L’era digitale ha il suo mantra: la digital transformation o trasformazione digitale. Come utilizzare a nostro favore le incredibili possibilità e opportunità offerte dalla tecnologia per lavorare e stare meglio. La vitalità lavorativa nella Digital Trasformation è come tu ci stai dentro. Ha a che fare con quello che ti fa sentire attivo, motivato e felice oppure ansioso e stressato quando sei al lavoro o vivi momenti specifici della tua vita professionale che si intrecciano con quella personale.

Il protagonista che mi sono immaginato in questo spazio sei tu. Tu che hai un lavoro, lo stai cercando oppure hai deciso di cambiarlo. O che hai deciso di inventartene uno o stai studiando e ti stai preparando ad un lavoro che oggi ancora non c’è.

La dimensione della vitalità lavorativa mi sembra sia fuori da qualsiasi dibattito che tenga conto dei vissuti personali e delle dinamiche relazionali ed emotive. Ecco perché la domanda che dà il titolo al post è bizzarra. Strana. Fuori contesto. Si scivola sempre sul “tecnologico”: il vissuto relazionale ed emotivo passa sempre più spesso attraverso un oggetto, filtro tecnologico che sposta la nostra attenzione e ci distrae dal “perchè” di quello che avevamo iniziato a fare.

 

La Vitalità Lavorativa è uno spazio relazionale, emotivo e di senso.

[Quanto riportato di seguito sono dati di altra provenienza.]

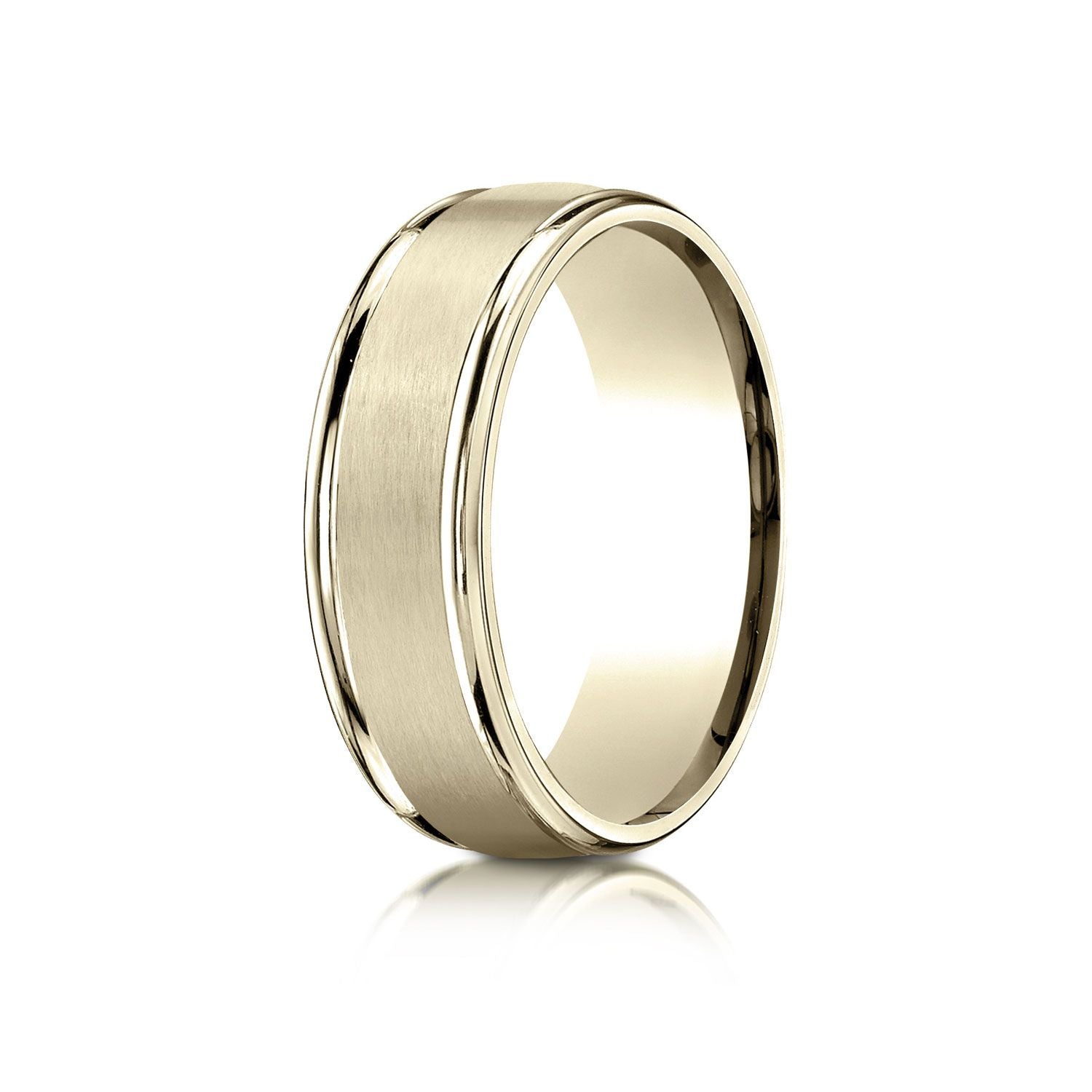 This 14 Karat Yellow 7mm Comfort-fit Carved Design Band Features A Satin Finish With A High Polished Round Edge For Noticeable Style.

Mi sembra che abbiamo ancora una scarsa consapevolezza di vivere in un mondo di relazioni dove tutto avviene e si consuma in un tempo esponenziale, tutto si comprime e accade veloce-mente. Questo causa una perdita di centralità del sé e “.. dividiamo disperatamente la nostra limitata attenzione, concedendo frammenti della nostra coscienza” come scrive il sociologo americano Jeremy Rifkin nel suo libro “L’era dell’accesso” pubblicato in Italia nel 2000.

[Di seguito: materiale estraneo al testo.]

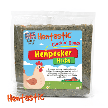 A pecking block with a difference! Our Henpecker is an irresistible pecking treat made with British flour, premium vegetable fat, mixed seeds & peanut butter. Plus, it's packed full of herby goodness for happy, healthy hens!
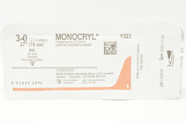 - Ethicon Y523 3-0 MONOCRYL KS 60mm Straight 27inch

La tecnologia è il COME le Persone sono il PERCHÉ, il punto di partenza. Vuol dire che diventa importante tenere in figura come vivi le tue relazioni (vabbè questo lo dicono un po’ tutti) e le tue emozioni (questo lo dicono ancora in pochi). E qual è la visione che hai del lavoro (dove ciascuno dice la sua) e del tuo lavoro (dove puoi dire la tua) e del livello di vitalità che vivi e che porti in giro. Ecco perché ho voluto aprire questo spazio: per portare il PERCHÉ in evidenza.

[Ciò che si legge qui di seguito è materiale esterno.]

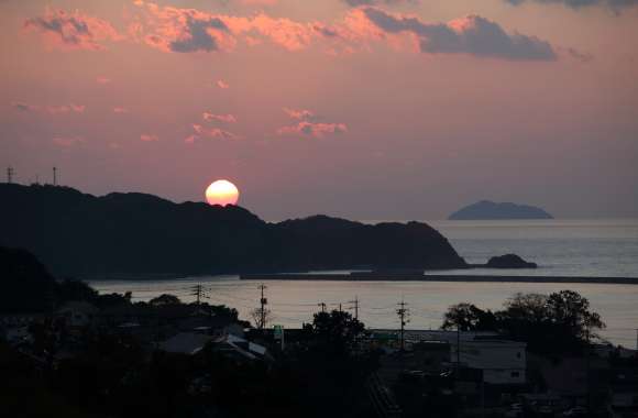 道の駅「ゆうひパーク浜田」から見える夕陽。弓形に続く浜田市の向こうに美しく沈む

Sempre Rifkin nel libro “La civiltà dell’empatia” evidenzia una forte crescita della ricerca personale di senso che chiama spiritualità “…è in aumento la spiritualità intesa come ricerca personale di un significato da attribuire alle cose”.

Voglio condividerti tre semplici numeri e le loro fonti nel caso tu voglia approfondire. Indicano quanto la ricerca di significato,  di senso e di coinvolgimento siano importanti nello scenario della vitalità lavorativa di tutti.

  • 1/3 della nostra vita lo trascorriamo lavorando  [World Healf Organazation 1994 – Global strategy on occupational health for all: The way to health at work]
  • 79% dei lavoratori nel mondo crede che l’esperienza quotidiana del lavoro debba dare qualcosa che sia altro rispetto ai soldi. Deve farti sentire parte di qualcosa. Soprattutto i giovani vogliono avere la possibilità di crescere, imparare, sentirsi parte di qualcosa, di costruire qualcosa. [Deloitte 2017 – Global Human Capital Trends report]
  • 30% sono le persone che si sentono coinvolte sul posto di lavoro. Le barriere che impediscono il coinvolgimento dei dipendenti e ostacolano alte performance sono principalmente legate a emozioni e relazioni. [Six Seconds 2017 – Vital Organization report]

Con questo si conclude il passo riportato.